Dalam seni kelompok seni Aceh selalu dipimpin oleh seorang syekh. Syekh adalah orang yang memimpin atau yang mengarahkan gerakan-gerakan atau syair-syair . Dalam Seudati, Laweut, Rapai, Rukoen, Likok pilo, maka syekh dikenal sebagai orang yang mengarahkan gerakan tarian dan lirik. Dalam hal ini, maka kepiawaian seorang syekh akan sangat menentukan kesuksesan tim seni secara keseluruhan. Semua anggota tim seni selalu tunduk dan mengikuti gerakan dan syair yang dipimpin syekh.
Dilihat dari sudut pandang social budaya, hal di atas menunjukkan bahwa masyarakat Aceh adalah tipikal masyarakat yang taat kepada pemimpin atau wali. Semua yang dilakukan atau yang diucapkan oleh seorang pemimpin kepada masyarakatnya, maka akan diikuti oleh rakyat atau komunitas yang dipimpinnya. Menilik beberapa literatur sejarah Aceh, pemimpin adalah ulama atau umara. Jadi bukan sekedar pemimpin formal, tapi juga pemimpin informal.
Melihat gerak dalam kesenian Aceh, kita akan mengambil simpulan, bahwa itu gerakan yang penuh semangat dan heroik. Di beberapa kesenian Aceh, dapat dijumpai gerakan yang dilakukan dimulai dengan gerakan yang lembut dan lambat. Gerakan ini sedikit demi sedikit akan terus dipercepat disesuaikan dengan waktu yang ada hingga akhirnya cepat dan akan berhenti. Sikap kepahlawanan ini muncul seiring dengan timbulnya semangat perjuangan rakyat Aceh dulu di saat berperang pada masa penjajahan. (baca : kaphe).
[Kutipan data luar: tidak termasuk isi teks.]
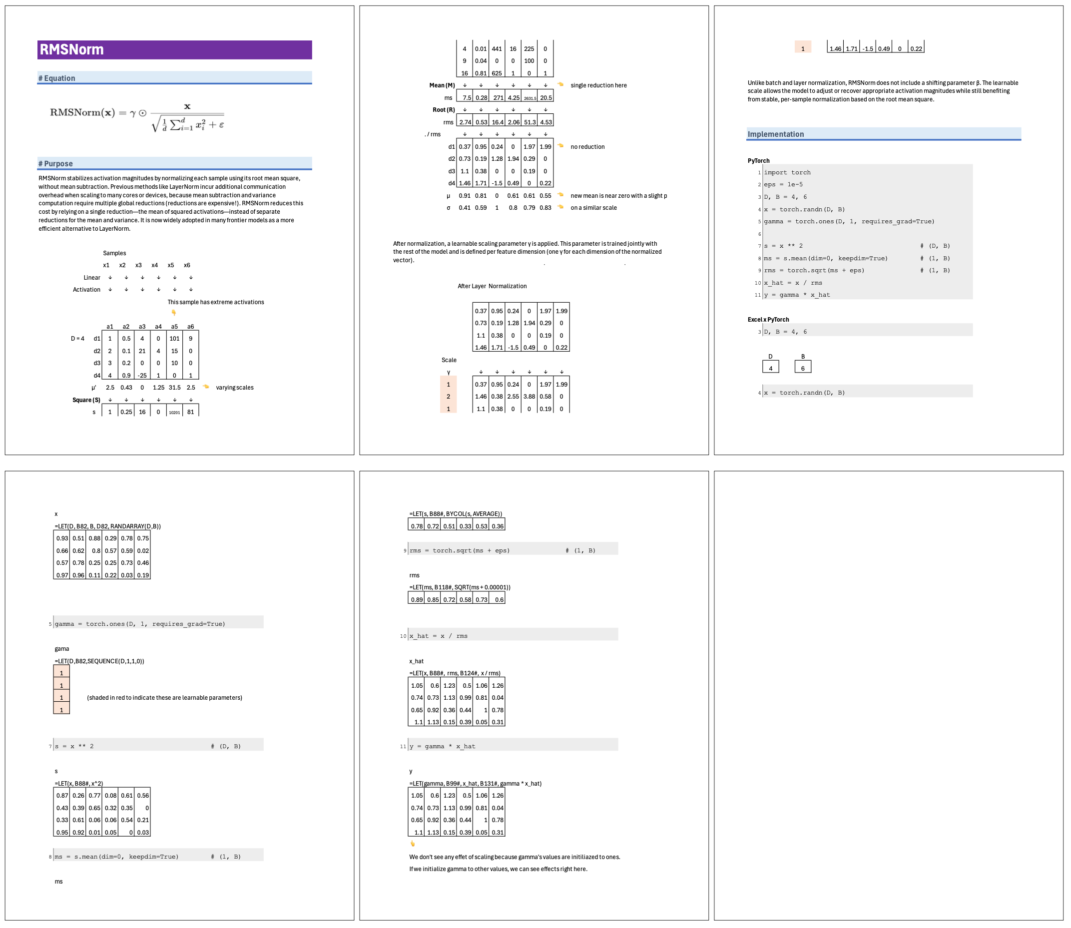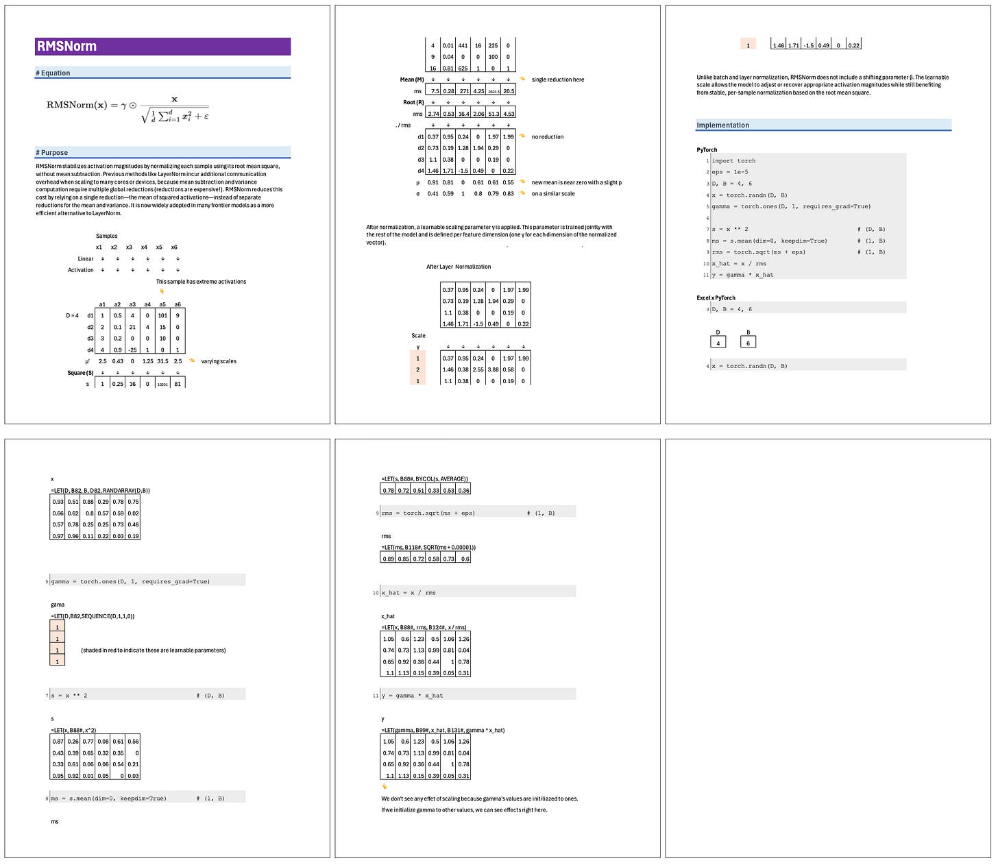 Root-Mean-Square Normalization (RMSNorm) stabilizes activation magnitudes by normalizing each sample using its root mean square, without mean subtraction. Previous methods like LayerNorm incur additional communication overhead when scaling to many cores or devices, because mean subtraction and variance computation require multiple global reductions (reductions are expensive!). RMSNorm reduces this cost by relying on a single reduction—the mean of squared activations—instead of separate reductions for the mean and variance. It is now widely adopted in many frontier models as a more efficient alternative to LayerNorm.

Paparan di atas, membawa kita pada pemahaman bahwa cara berkesenian orang Aceh, bukanlah sekedar memuja keindahan demi menjadi hiburan yang popular nan mencengangkan. Tapi, sarat dengan nilai social budaya yang bertumpu pada religiusitas yang ranum. Keranuman yang menyebarkan pendar kecirikhasan Aceh yang identik dengan Islam. Kesenian Aceh terus bertumbuh dengan muatan local genius yang tak tergoyahkan. Apakah ia akan terus tumpuh tanpa pemeliharaan yang dilakukan generasi masa kini? Tentu tidak. Karena social budaya yang tangguh, selalu butuh perjuangan, kerja keras dan doa, bukan jatuh tiba – tiba dari langit. Pun menjadi tanggung jawab bukan saja kaum Adam, juga kaum Hawa. Tabik.